Garden Finance: The Solver-Network Trust Exploit (October 2025)
On October 30, 2025, Garden Finance, a cross-chain liquidity protocol, was exploited for approximately $11 million. This incident represents a significant shift in DeFi vulnerability trends: rather than a flaw in the smart contract bytecode, the attack targeted the Solver Network—the off-chain agents responsible for fulfilling user "intents" across different trust boundaries.
Technical Overview
Garden Finance utilizes an Intent-Based Architecture. In this model, users do not specify the exact steps of a trade (for example, "call Uniswap, then bridge"). Instead, they sign an "intent" (for example, "swap 100 ETH on Arbitrum for 100 ETH worth of BTC on Bitcoin"). "Solvers" (off-chain actors) compete to fulfill these intents, providing the requested liquidity in exchange for a fee.
The vulnerability was an operational compromise of a centralized solver which the protocol’s smart contracts trust implicitly to validate state transitions.
Exploit Mechanism: The Solver Hijack
The attacker did not find a bug in the liquidity pool math. Instead, they targeted the authentication layer of one of the protocol’s primary solvers.
- Solver Compromise: The attacker gained unauthorized access to the private keys or API infrastructure of a single, highly-active solver in the Garden network.
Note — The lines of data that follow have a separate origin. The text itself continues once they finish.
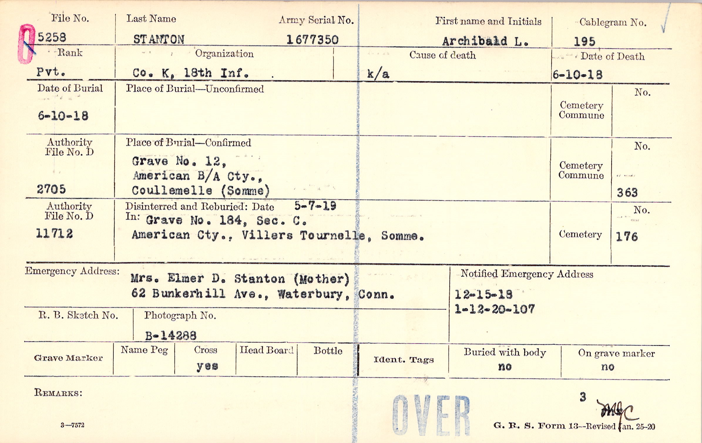 Mrs. Elmer D. Stanton (Mother), 62 Bunkerhill Ave., Waterbury, Conn.
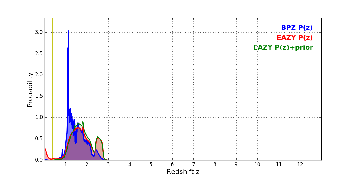 In P(z) plots: Yellow lines mark the cluster redshift z = 0.383,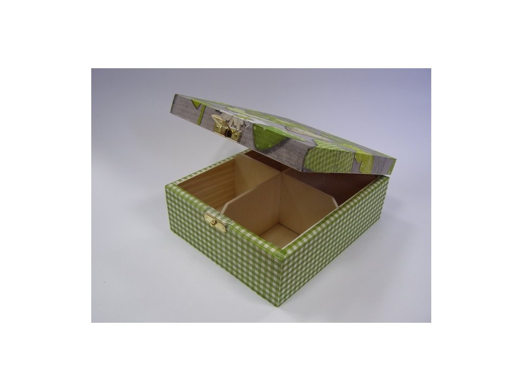 Dřevěná krabička - 4 přihrádky - Srdce zelené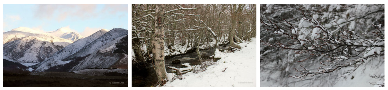 Acompañando a los pinos, aparecen hayas, serbales y abedules, que son relativamente abundantes.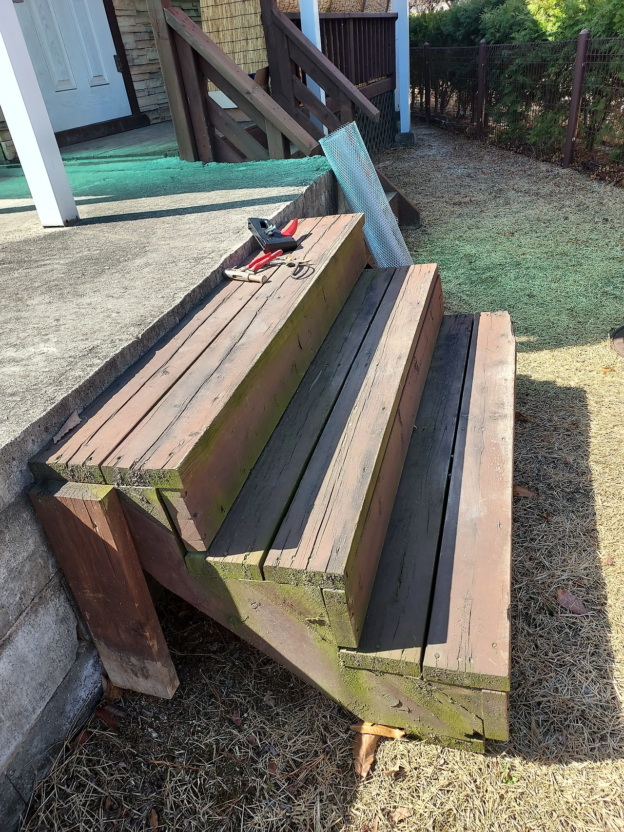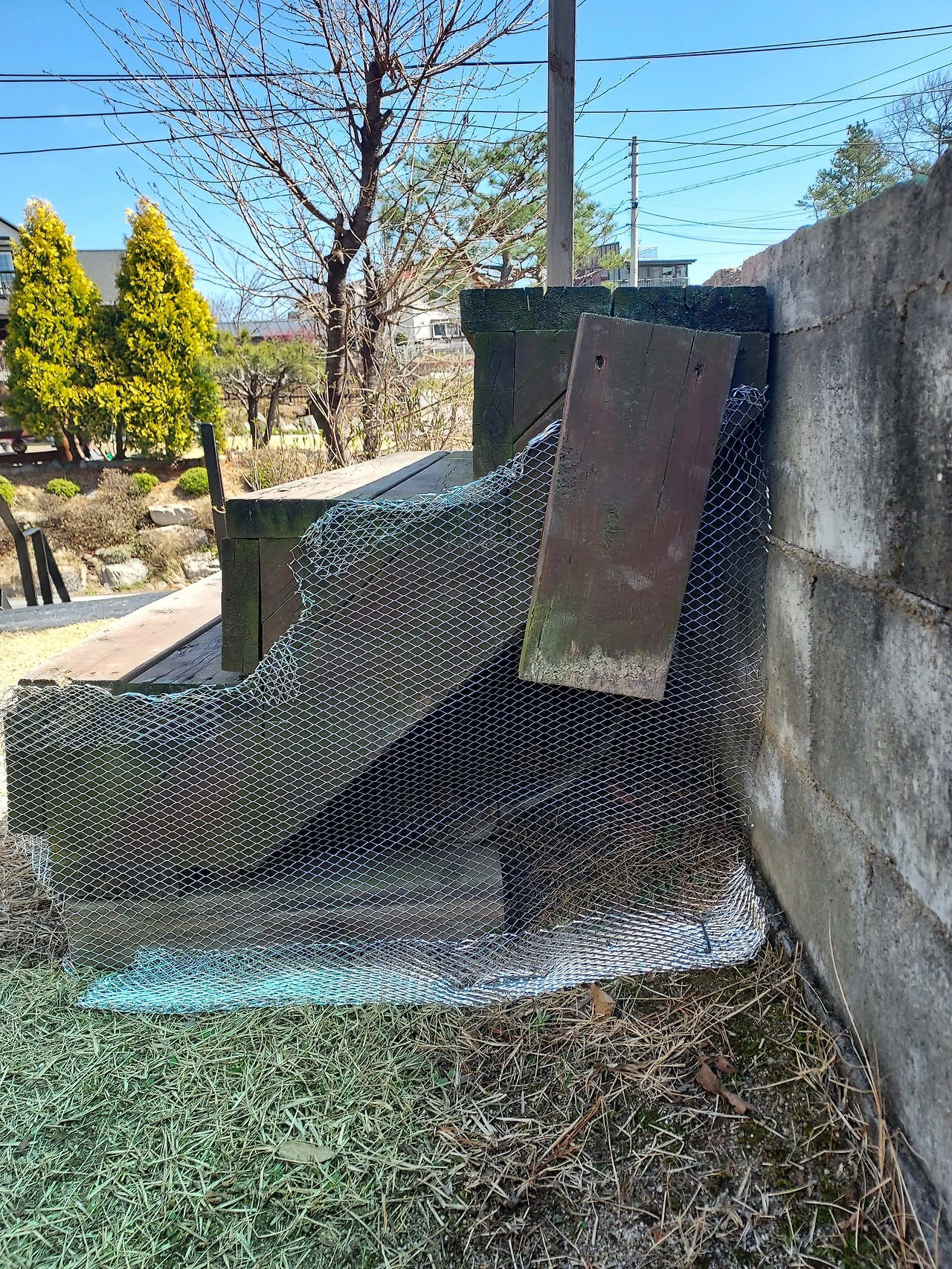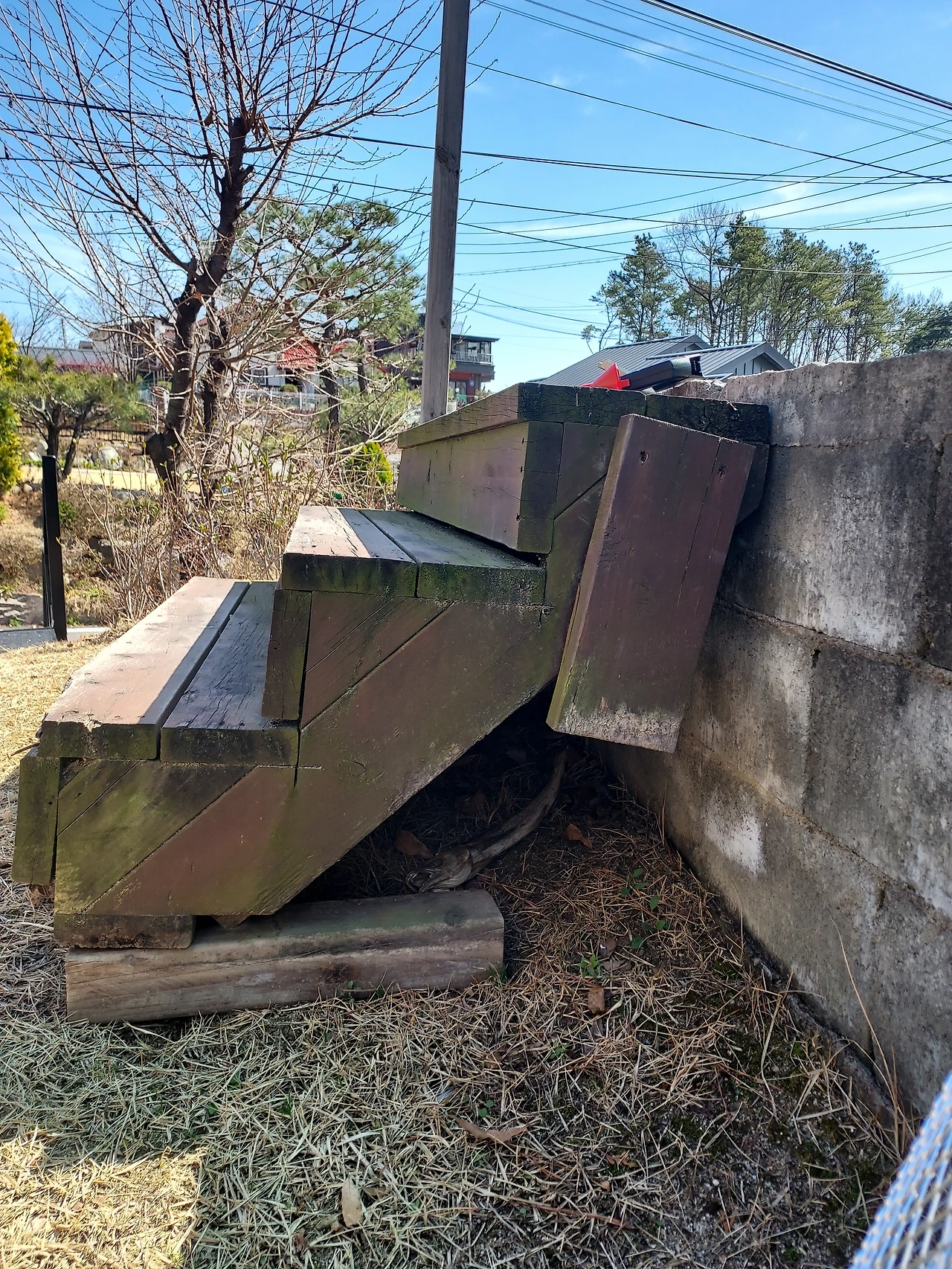 앞마당과 뒷마당을 오가며 낙엽을 치우다 작년 가을 철제 계단을 새로 만들고 뜰에 올려 둔 원목계단 밑의 낙엽도 거둬내야겠다 싶어서 계단 밑을 보다가 소스라치게 놀랐다.

- False Fulfillment Proofs: Using the compromised solver, the attacker submitted "fulfillment proofs" to the protocol’s cross-chain settlement contracts. These proofs claimed that the solver had successfully delivered assets to users on destination chains (for example, Bitcoin) when, in reality, no such transfers had occurred.
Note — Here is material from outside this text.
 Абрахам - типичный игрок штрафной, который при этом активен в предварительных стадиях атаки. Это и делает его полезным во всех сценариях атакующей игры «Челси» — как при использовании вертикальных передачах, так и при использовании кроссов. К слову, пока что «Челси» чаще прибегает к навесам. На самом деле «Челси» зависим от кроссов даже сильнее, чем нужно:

- Liquidity Siphoning: The settlement contracts, trusting the cryptographic signature of the authorized solver, released the user-provided collateral on the source chains (Ethereum, Arbitrum, BSC) to the "fulfiller"—effectively the attacker.
- Multi-Chain Drain: Because solvers are often permissioned to handle large batches of intents, the attacker was able to drain liquidity across multiple networks simultaneously before the protocol's guardians could revoke the solver's authorization.
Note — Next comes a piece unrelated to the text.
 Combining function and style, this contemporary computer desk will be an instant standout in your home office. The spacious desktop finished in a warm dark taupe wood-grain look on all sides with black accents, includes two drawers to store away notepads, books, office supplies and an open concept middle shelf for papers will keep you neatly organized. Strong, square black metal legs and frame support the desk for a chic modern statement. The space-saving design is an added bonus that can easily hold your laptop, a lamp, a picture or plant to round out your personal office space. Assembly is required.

Why This Matters (The "Intent" Security Gap)
The Garden Finance heist highlights the Off-Chain Trust Assumption in modern DeFi.
- Infrastructure Risk: As protocols move off-chain to reduce gas costs and improve user experience (via intent-based models), they introduce a dependence on off-chain server security.
- Centralization of Authority: Many intent-based protocols launch with a "Whitelisted Solver" model. If a single whitelisted actor is compromised, the protocol’s on-chain invariants are bypassed by the authorized "witness" of that actor.
Mitigation Strategies
- Multi-Solver Verification (Quorums): Do not rely on a single solver's proof. Significant cross-chain movements should require validation from multiple independent solvers or a decentralized validator set.
- Optimistic Settlement with Challenges: Utilize an optimistic bridging model where intents are settled but "locked" for a challenge period. Independent watchers can then verify against destination chain data and trigger a revert if the intent was never fulfilled.
- Hardware-Isolated Solvers: Mandate that all whitelisted solver keys be managed within Secure Enclaves (TEEs) or Hardware Security Modules (HSMs) to prevent simple server-side key theft.
- On-Chain Path Validation: Integrate zero-knowledge proofs (ZKP) or state relays that allow the source-chain contract to verify that the destination-chain event actually happened without human or solver-intermediated trust.
Conclusion
The $11M Garden Finance incident is a warning for the "Next Gen" of DeFi. While solvers provide UX efficiency, they also serve as a high-value bridge between trustless code and trusted infrastructure. In 2026 and beyond, security researchers must scrutinize not just the smart contract logic, but the integrity of the agent-networks that drive them.